We all hope 2025 will still be a bull year, don't we? Maybe some are less convinced than when the year started, but still, all things considered, I still expect a more positive than negative outcome for crypto this year. Perhaps less of an alt season than many hoped for and more of a bitcoin maxi year, but who knows?
We'll see how that affects the outcome for the price of HIVE in 2025 too... We still have developments that should positively influence the price this year, including the marketing campaign and expecting influx of new users from Splinterlands, and VSC and its defi and inter-connectivity potential. Let's not forget about the same potential from Inleo and LeoDex...
Anyway, I still expect HIVE around 1$ or even a little higher this year, but likely not another ATH if we don't have a strong alt season. I wouldn't mind to see another ATH, though, lol. Or a 5$, 10$ HIVE... We can keep dreaming, right?
What I do have this year is a HBD in savings goal. Even more, I inherited it from last year, thinking this year we will have an alt season to take profit at higher levels. Now that I think about it, we had such an episode for HIVE at the end of 2024 and beginning of 2025. Hopefully, that wasn't the alt season this cycle, because if it was, I remained mostly a hodler... again.
Anyway, back to the title.
How do I increase the APR of the funds I add to the HBD Savings?
First of all, some caveats:
- I do expect the price of HIVE by Q4 (or earlier) this year to be higher than it is now; if we enter a bear market and it won't be, one would lose in dollar terms instead of increasing APR using my method
- this makes sense for me since I have a HBD savings goal, but may not make sense for someone who thinks HIVE price evolution would vastly outperform interest for HBD savings + a certain profit (you will see below)
- I wouldn't recommend it for high amounts precisely because I believe myself that keeping liquid HIVE or HP until closer to the peak of the bull market would be more profitable
So, how does this work?
Well, this is better explained by example. If you have 10 HBD and you add it to savings, you earn (currently) 15% APR on it. Let's assume it is fixed, and witnesses don't decide to drop that interest to a lower rate. In 1 week, that's 0.28% (although only claimable after 30 days), in 1 month, that's 1.25%, in 2 months, that's 2.5%, in 3 months that's 3.75%. These examples are enough for now.
Let's say you forfeit that interest on HBD and instead of adding HBD to savings you buy HIVE with it and create a sell limit order for those HIVE on the internal market. Let's say you watch the chart of HIVE for resistances to better pick a price, but choose a profit range between 20-30%. You basically buy back the 10 HBD at a cheaper price, and the profit (of 20-30%) remains as HIVE.

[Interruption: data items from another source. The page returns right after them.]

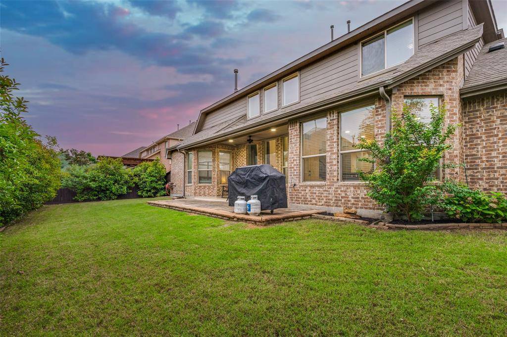 The backyard features an extended patio and a large grassy area for outdoor living, play, and pets.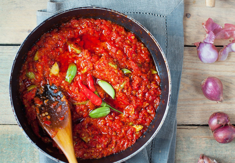 Chili-Saucen können unterschiedliche Mengen an Salz enthalten. Salz ist in Wasser löslich. Es enthält 40% Natrium (Na), ein Mineral, das der Körper in geringen Mengen für die Aufrechterhaltung des Blutdrucks und des Flüssigkeitshaushalts sowie für die Übertragung von Nervenimpulsen benötigt. Neben Salz ist Natrium auch in Mononatriumglutamat (MSG), Backpulver und Natron enthalten. Zu viel Natrium kann den Blutdruck erhöhen und die Nieren schädigen.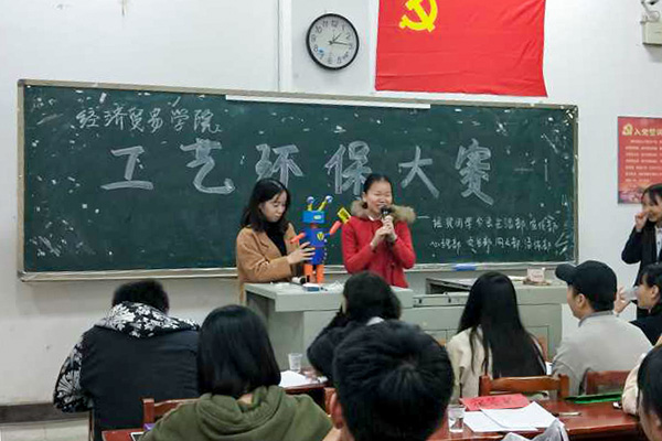 为了进一步贯彻“?;せ肪场⒌吞忌?rdquo;的理念,提高同学们的环保意识,丰富学生课余生活,11月15日中午12点,由经贸学院主办的“公益环保大赛”在二教101举行。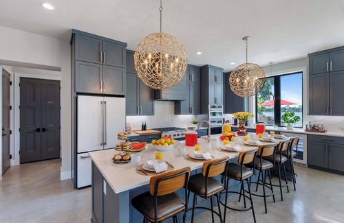 Fully Equipped Kitchen | Cafe 6 Burner Gas Cooktop | Cafe Oven and Microwave | Cafe Refrigerator with Ice Maker | Keurig K-Classic Single Serve | Coffee Drip Coffee Maker | Cafe Dishwasher | Wine Refrigerator | Dishes & Utensils | Extra Refrigerator in Laundry Room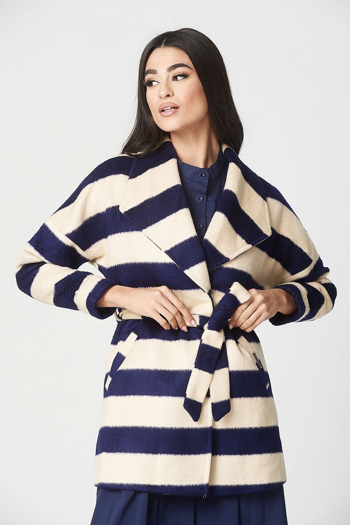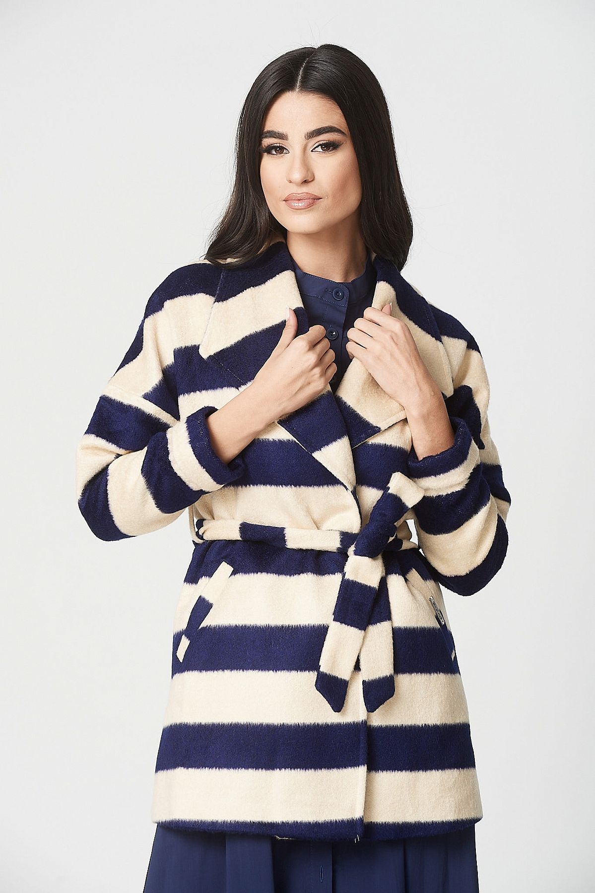 Παλτό Iris μπλε με εκρού ρίγες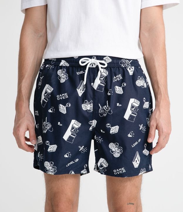 Bermuda com Cós Elástico e Estampa Geek Gamer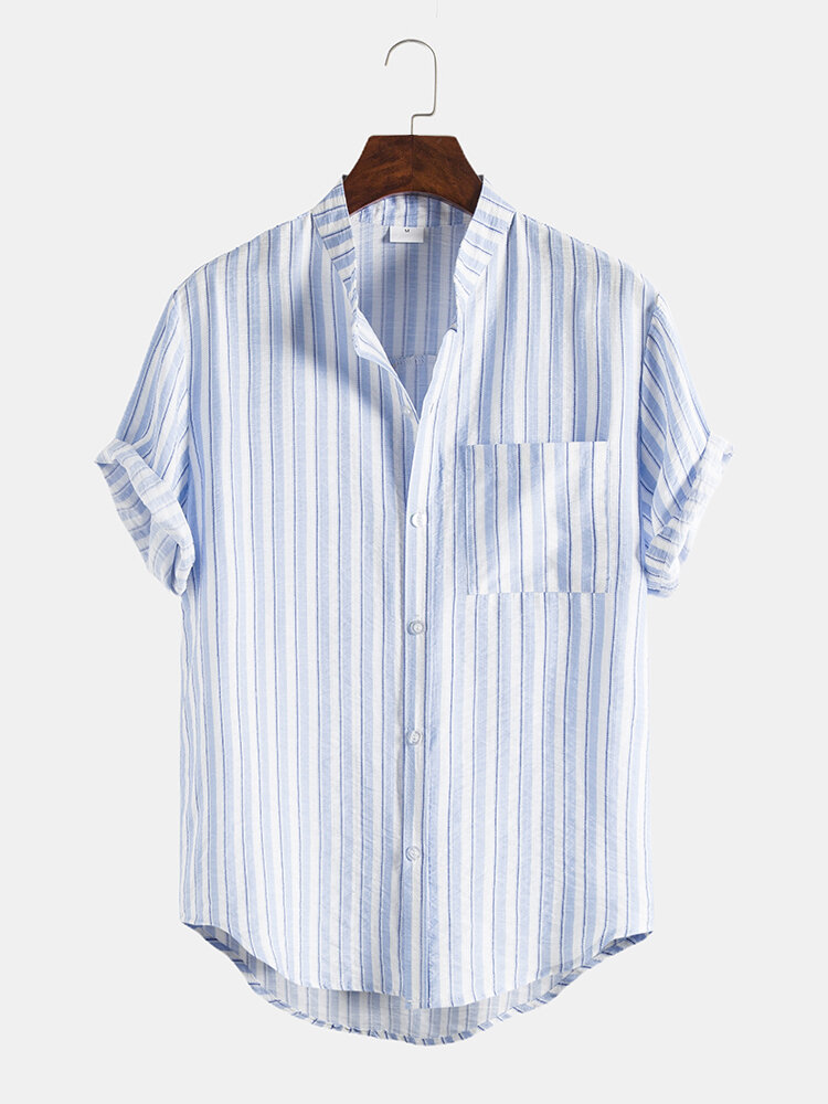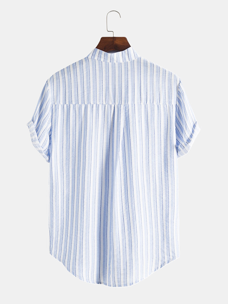 Cotton Mens Vertical Stripes Stand Collar Chest Pocket Short Sleeve Holiday Casual Shirts – Blue S
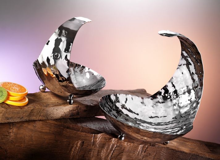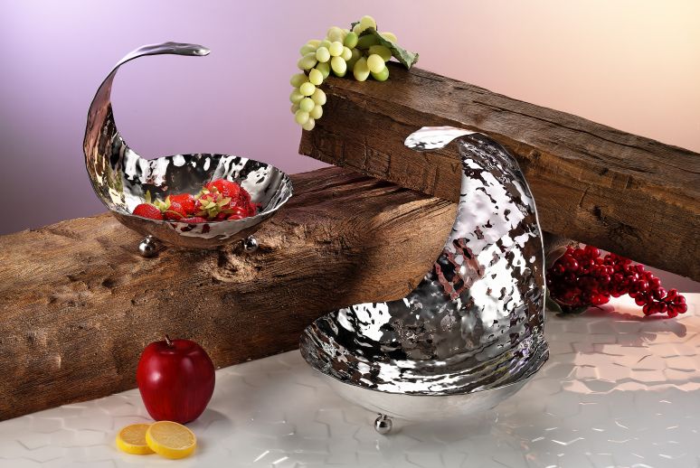 Чаша круглая на ножках с хвостом BERA, эффект молотка, нерж ст 18/10, d-26см
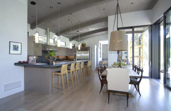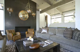This home retreat is mountain living at its best. High ceilings and exposed beams make this home feel quite large with plenty of space for big gatherings. The living space has an open design, but designated areas for relaxing and entertaining make the space feel homey and gives the owners plenty of room to enjoy a variety of activities. Floor to ceiling windows offer amazing views of the surrounding Rocky Mountains.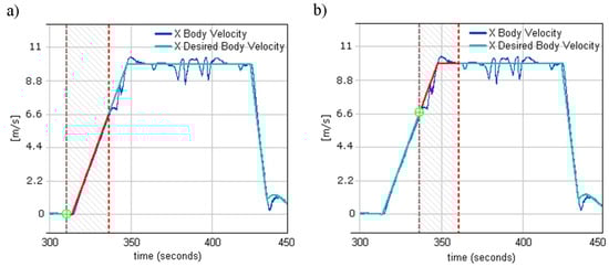 (a) X body velocity while approaching the 1st waypoint. (b) X body velocity while approaching the 2nd waypoint.
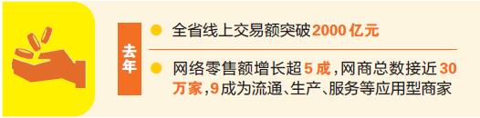 线上零售方面,全省实物型和服务型行业实现协同发展。实物型网络零售额343.40亿元,服务型网络零售额195.14亿元,同比增长分别为53.30%和56.77%。农村网络零售额224.77亿元,同比增长68.94%,在全省网络零售额中占比约4成。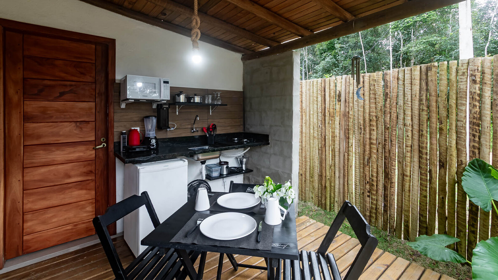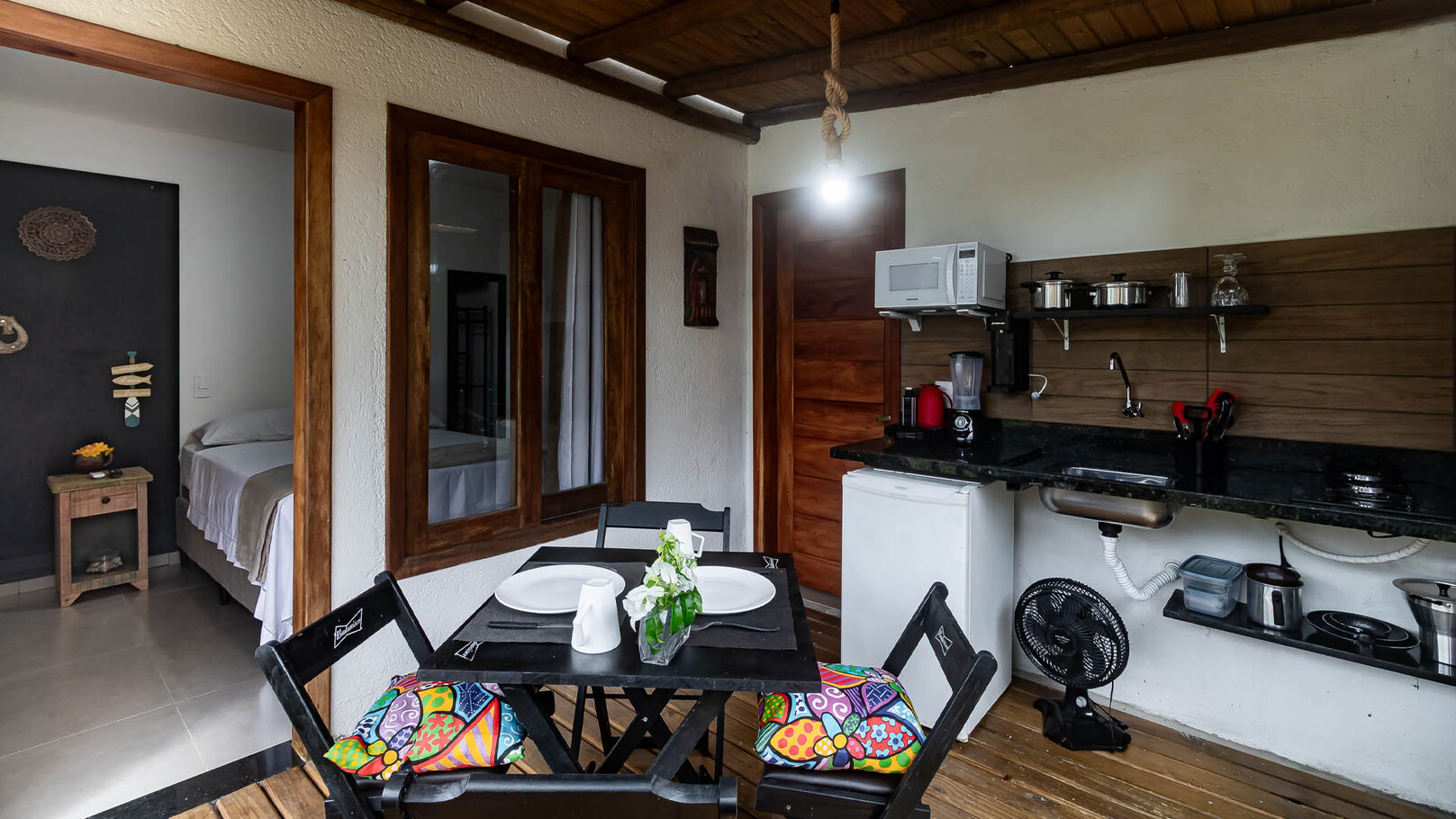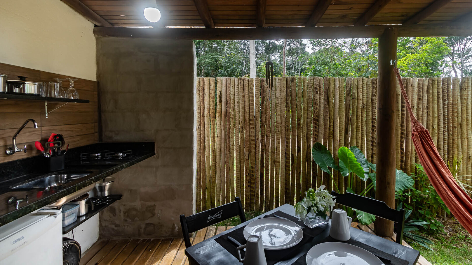 - Cozinha na varanda gourmet com fogão, microondas, frigobar e mesa para 4 pessoas(exceto óleo e sal)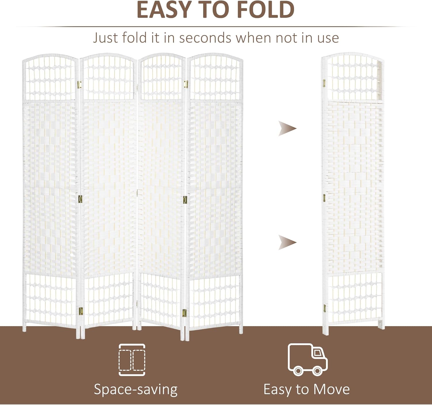 HOMCOM 4 Panel Room Divider, Folding Privacy Screen, 5.6' Room Separator, Wave Fiber Freestanding Partition Wall Divider, White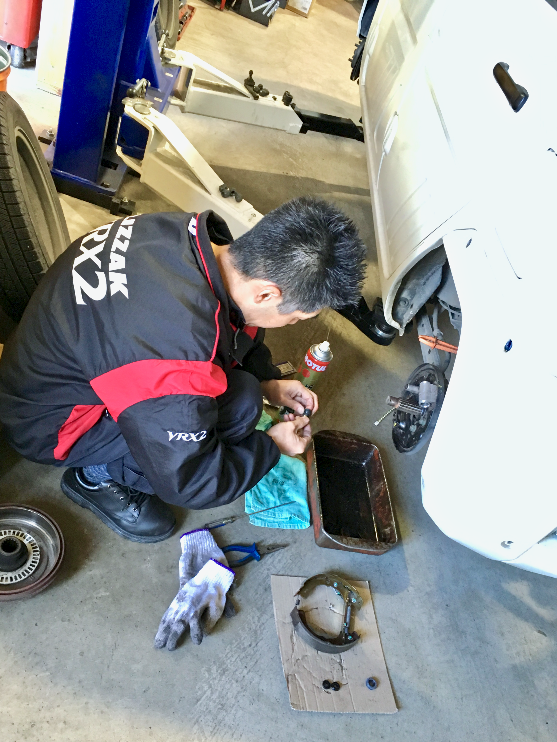 境くんがモゾモゾと何かやってますね。ホイールシリンダーO/Hですか。いわゆるRカップですね。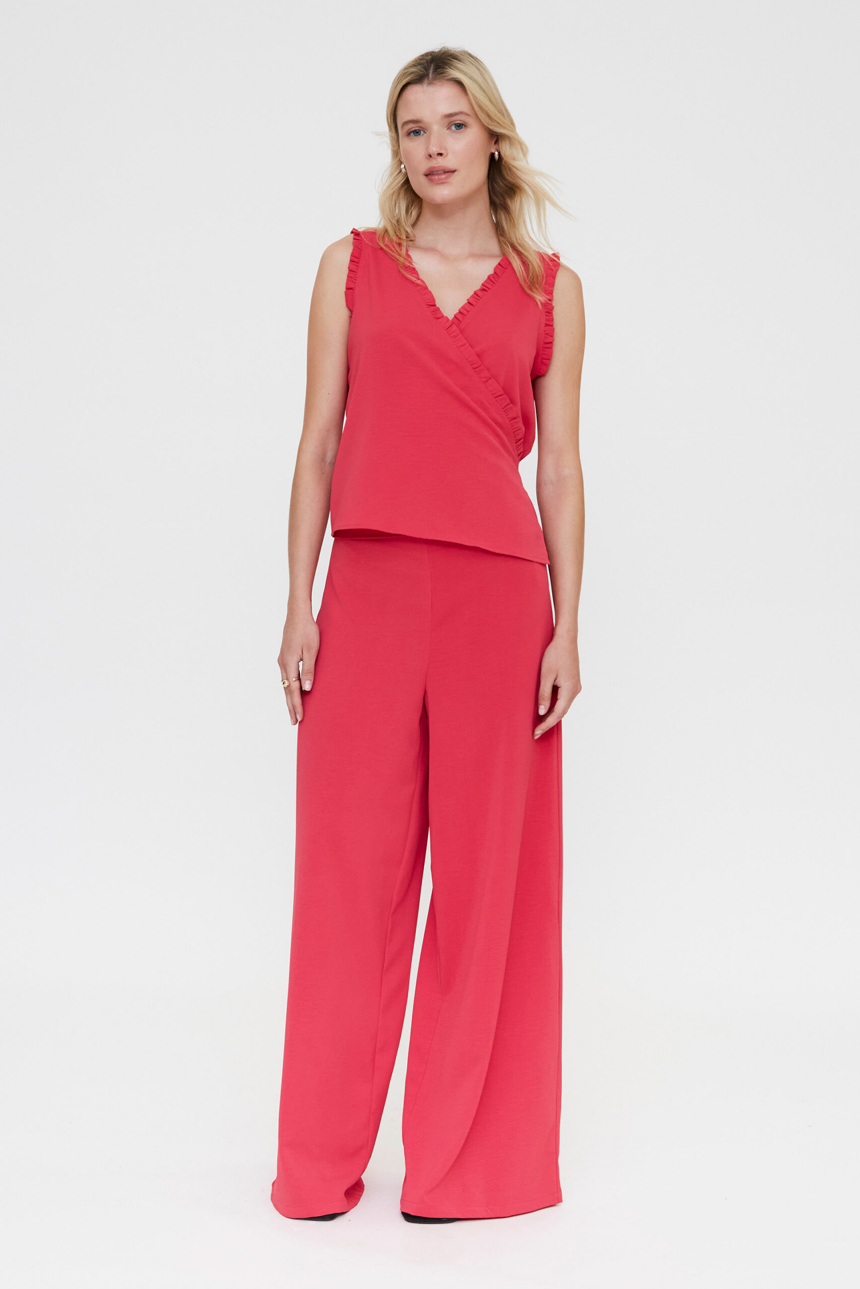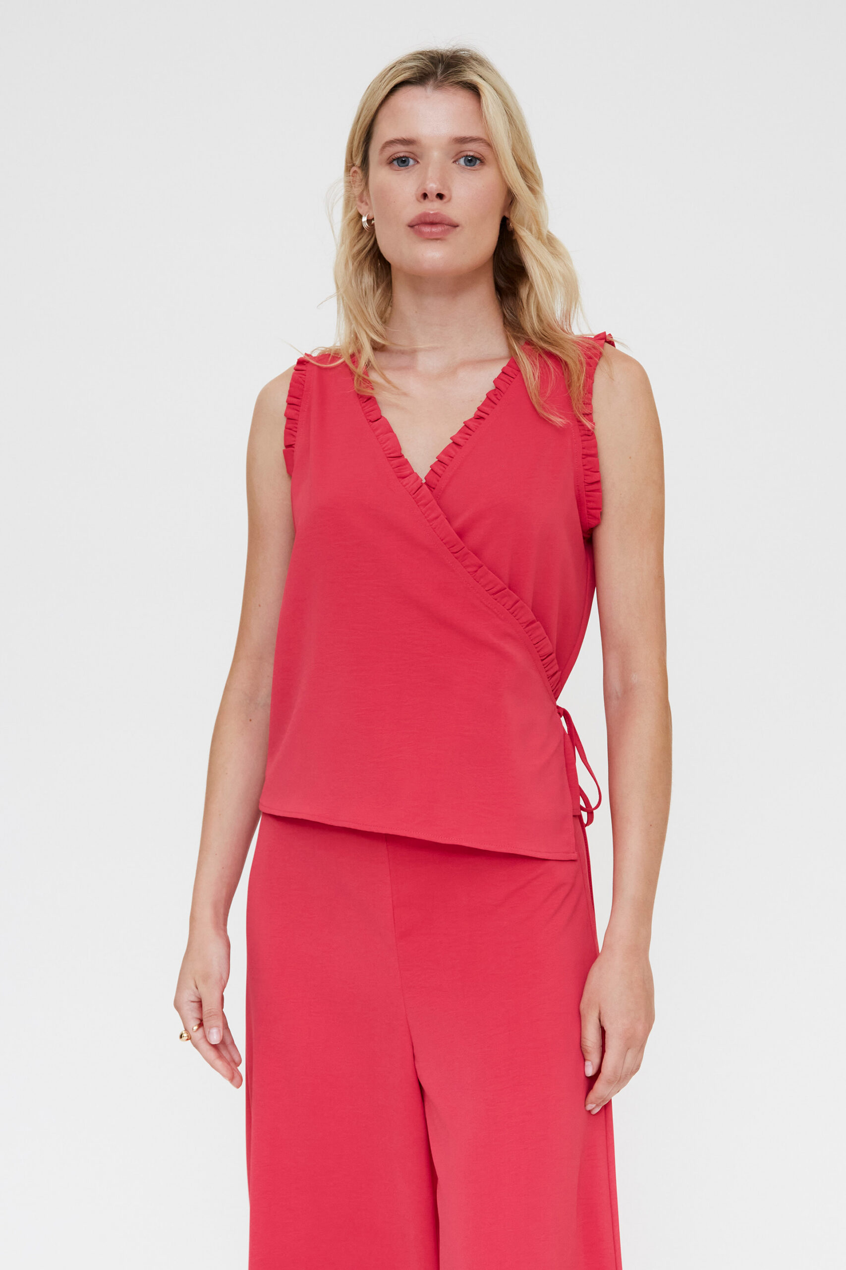 Top fucsia en 100% crepé con escote pico y diseño sin mangas. Presenta corte asimétrico con ajuste lazado en la cintura y delicados volantes que aportan un acabado femenino. Su caída fluida y silueta envolvente lo convierten en una opción elegante para eventos o looks sofisticados de temporada.

That order could be hit, depending on conditions in the bull market, in a few days, a week, a month, 2 months, 3 months, or maybe even longer if you are really unlucky or picked the wrong period to try this (when price retraces from yearly tops in the medium term). How long it takes can be a factor, because the longer it takes the more interest would have been lost had the HBD been put into savings. But 20% is high enough to ensure it is more profitable than keeping it in savings almost in any case, probable except if you set the order at the beginning of the bear market.
You can repeat the process to put the same 10 HBD to work for more HIVE profit or... you can add it to HBD savings after one go.
If you choose the second option (which I do, with very small orders), you effectively get a profit of 20-30% from the price appreciation of HIVE, minus the interest you would have received in the time needed for the limit order to be executed, plus the APR from the interest received from that point forward, after moving the HBD to savings. The profit remains as HIVE until/unless otherwise decided, so it benefits of further price appreciation of the coin. If the end goal is to capture that profit into HBD savings, you have to make sure that toward the end of the bull market you sell the HIVE resulted from these trades into HBD and add it to savings, otherwise you would hold liquid HIVE into the bear market.
That beats having the 10 HBD directly into savings, unless you are in a downtrend instead of an uptrend. Even in a sideways market chances for the price of HIVE to pump 20-30% within a decent amount of time is very high, even if it goes back down.
At the same time, keeping all funds in HIVE/HP until the peak of the market would be the most beneficial, if the price appreciation is significant from here, and even 1$ is very good, if we calculate APR. That's what I do with the majority of my HIVE. In fact, the vast majority of my HIVE aren't even liquid, and never will be.
Therefore, if you want maximum impact, are optimistic, and are sure you can catch the high prices when they come, keeping everything in HIVE is the best choice. If you want to move funds to HBD in savings though, my method could increase your profit, if we are still in the bull market (which I think we are).
Why I do this only with very small amounts? Simply because I consider it is more likely to be more profitable to keep HIVE instead of adding funds to HBD savings this early.